The citations were accurate because Claude read the actual source documents. Not summaries. Not abstracts. The full papers sitting in her folder.
The Team Extension
Teresa’s operation grew. She brought on editors and researchers.
She created shared CLAUDE.md files with team context:
- Who’s working on what
- Editorial guidelines everyone follows
- Review processes and approval workflows
- Common prompts the team uses
“New team members could point Claude at the shared folder and instantly understand how we work. The knowledge transfer happened through files, not meetings.”
The institutional knowledge that usually lived in people’s heads became documented and accessible.
The Unexpected Output
The biggest change wasn’t efficiency. It was quality.
“My writing got better. Not because Claude wrote for me — I wrote every word. But because the feedback was immediate, the research was accessible, and the friction was gone.”
Without setup overhead, Teresa spent more time on actual craft. Word choice. Argument structure. Reader empathy. The stuff that made writing good.
“I used to spend 30% of my writing time on logistics and 70% on actual writing. Now it’s 5% logistics, 95% writing.”
The Metaphor That Stuck
Teresa started teaching other writers her approach. She used one image that resonated:
“Cloud AI is like a hotel room. Nice, clean, but you’re a guest. Claude Code is like your own apartment. Your books are on the shelves. Your notes are on the desk. Your preferences are built into how the space works.”

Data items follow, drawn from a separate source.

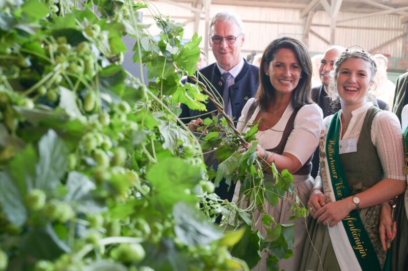 Aufatmen bei den bayerischen Hopfenbauern: Sie können dieses Jahr nach zwei schlechten Hopfenjahren mit einer aussichtsreichen Ernte rechnen. Ersten Schätzungen zufolge ergibt sich für das Bundesgebiet eine Gesamterntemenge von ca. 49.000 Tonnen. Das sind rund 19 Prozent mehr als bei der Ernte im vergangenen Jahr. „Das Anbaujahr 2024 war für Bayerns Landwirte mehr als herausfordernd. Umso mehr freut es mich, dass unsere Hopfenbauern in diesem Jahr eine gute Ernte erwarten können. Nach zuletzt zwei mageren Hopfenjahren können die Betriebe wieder aufatmen. Bayern ist weit über die Landesgrenzen hinweg bekannt für seine Biere und für die einmaligen Anbaugebiete des bayerischen Hopfens. Die Brauereien werden aus dem vollen schöpfen können“, sagte Landwirtschaftsministerin auf der diesjährigen Hopfenrundfahrt.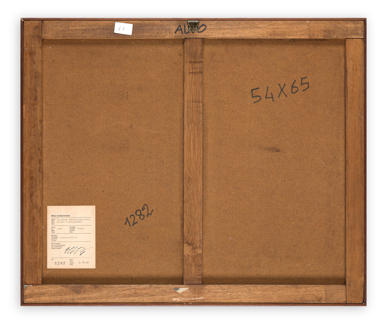 Etichetta dell'Artista al retro con firma, titolo, tecnica, misure, datazione e numero di repertorio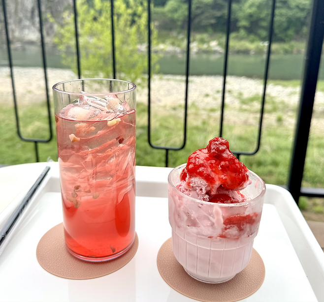 진남교반뷰를 보유한 그로체는 통창의 개방감과 테라스의 따뜻함을 보유하고 있는 곳이랍니다. 특히 인상깊었던 점은 관광지 근처에 있음에도 불구하고 디저트와 음료들이 너무 맛있었다는 점인데요,❤️ 오미자차, 아몬드크림라떼, 제주말차라떼 등 다양하게 맛 봤을 때 부족함 없이 잔뜩 만족스러운 맛이였답니다.🥰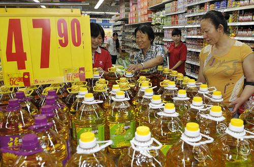 7月20日,市民在好家乡超市选购食用油。地处青年路的好家乡超市是乌鲁木齐最大的超市之一,目前,超市里商品供应充足,市民在这里可以选购自己所需的商品。新华社记者 赵戈 摄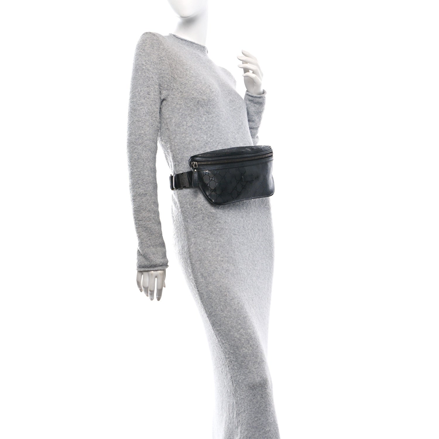 This is an authentic GUCCI Imprime Monogram Belt Bag in Black. This chic belt bag is finely crafted of black Gucci GG monogram coated canvas. The bag features a large facing zipper, an adjustable canvas belt strap with silver hardware, and a black fabric interior with a flat pocket.Follow this item for alerts. Gucci is a registered trademark of Gucci. FASHIONPHILE is not affiliated with Gucci.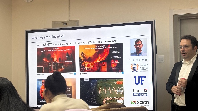 在交流环节,师生围绕技术优化、多学科应用及合作切入点等议题踊跃提问,Lovreglio教授均给予详细解答。需指出的是,邓青老师与Lovreglio教授均担任《Journal of Safety Science and Resilience》编委,双方长期保持密切学术合作,曾在国际交流中多次围绕疏散建模、风险模拟等议题展开研讨,为本次深入交流奠定了良好基础。会上,双方进一步探讨了北京科技大学与梅西大学在安全科学、行为建模及VR/AR应急培训等领域的合作前景。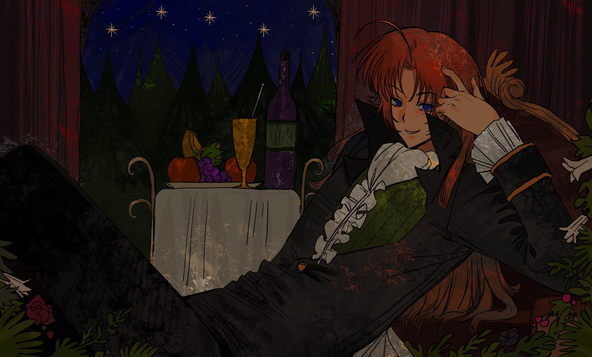 ahoge apple blue_eyes flower food fruit grapes highres kiyari0628 long_hair long_sleeves night original parted_bangs parted_lips red_flower red_rose rose sky smile solo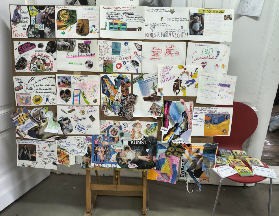 Parallel leiteten Jana Prochnow (Kunstschule) und Heike Stecklum Gesprächsrunden mit Kleingruppen, in denen den Kindern anhand von Poster, Kartenset und Pixi-Büchern das Thema Kinderrechte nahegebracht wurde. Die Kinder öffneten sich zunehmend und berichteten über erlebte Missachtung und Verletzung ihrer Kinderrechte, z.B. durch Gewalterfahrungen und Vernachlässigung. In ihren Diskussionen entwickelten sie Forderungen und Ideen, die kreativ in Collagen verarbeitet wurden, sodass ein vielfältiges eigenes Poster entstand.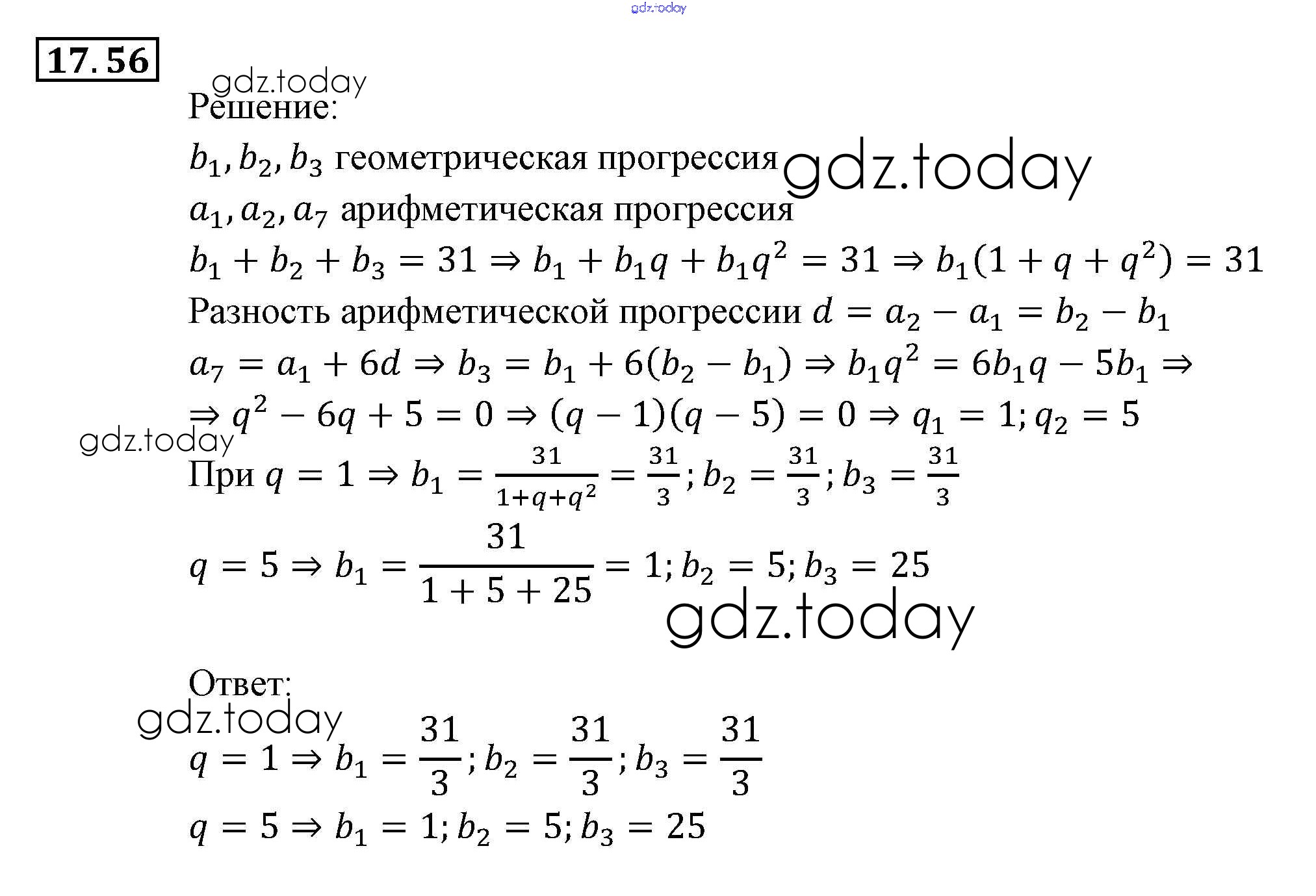 На страницах сайта gdz.today вы найдете учебный и вспомогательный материал, направленный на улучшения знаний школьной программы. ГДЗ - онлайн мир знаний § 17. Геометрическая прогрессия Глава 4. Прогрессии 56 Задачнику по Алгебре для 9 класса Мордкович, Александрова Мнемозина 2010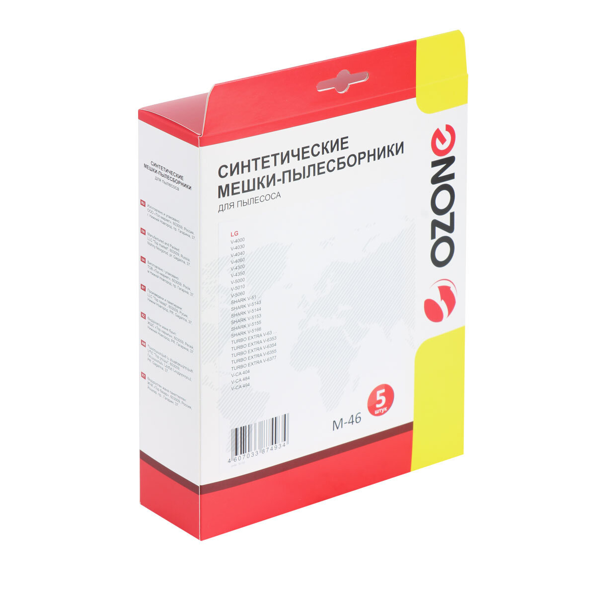 Пылесборник OZONE M-46, синтетический материал, многослойный, микропоры, материал фланца картон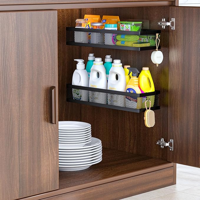 • 【MULTI-PURPOSE&MULTIFUNCTIONAL】The perfect solution for organizing a multitude of every items indoor or outdoor. The cabinet organizer hanging baskets wall mount is Ideal for organizing and storing spice bottles, pantry items, snacks, toiletries, tools, craft supplies,etc. And this metal bin basket free up enough space for your homes, kitchen, living room, bathroom, camper, farmhouse, apartments, college dorm rooms, etc.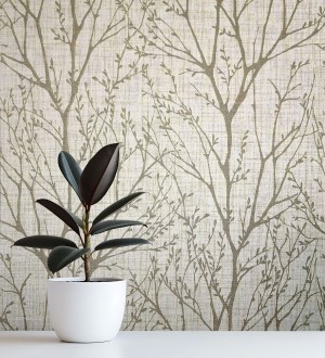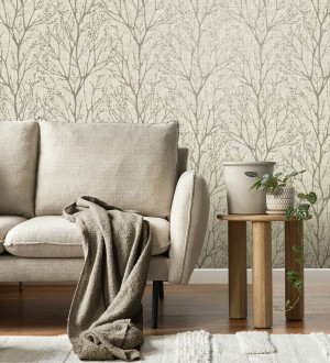 Papel pintado para pared de ramas estilo nórdico tonos beige Oregon Arboreal 683638

The apartment metaphor explained what made the tool different: persistence, personalization, and presence.
The Daily Reality
A year into the new workflow, Teresa’s writing practice was transformed.
Monday: /today → immediate clarity on the week’s tasks
Tuesday: Draft with inline research assistance
Wednesday: Feedback rounds with targeted revision
Thursday: Final polish with citation verification
Friday: Publishing and audience response tracking
“I write more, stress less, and produce better work. Not because AI writes for me. Because AI handles everything except the writing.”
The Advice
For writers considering the switch:
“Start with your CLAUDE.md file. Write down everything you wish AI already knew about you. Put it in your writing folder. Then just start working.”
The setup took an afternoon. The payoff was permanent. Every future session started with context instead of explanation.
“You don’t need to be technical. You need to be willing to try something that sounds technical but isn’t. The terminal is just a different kind of text box.”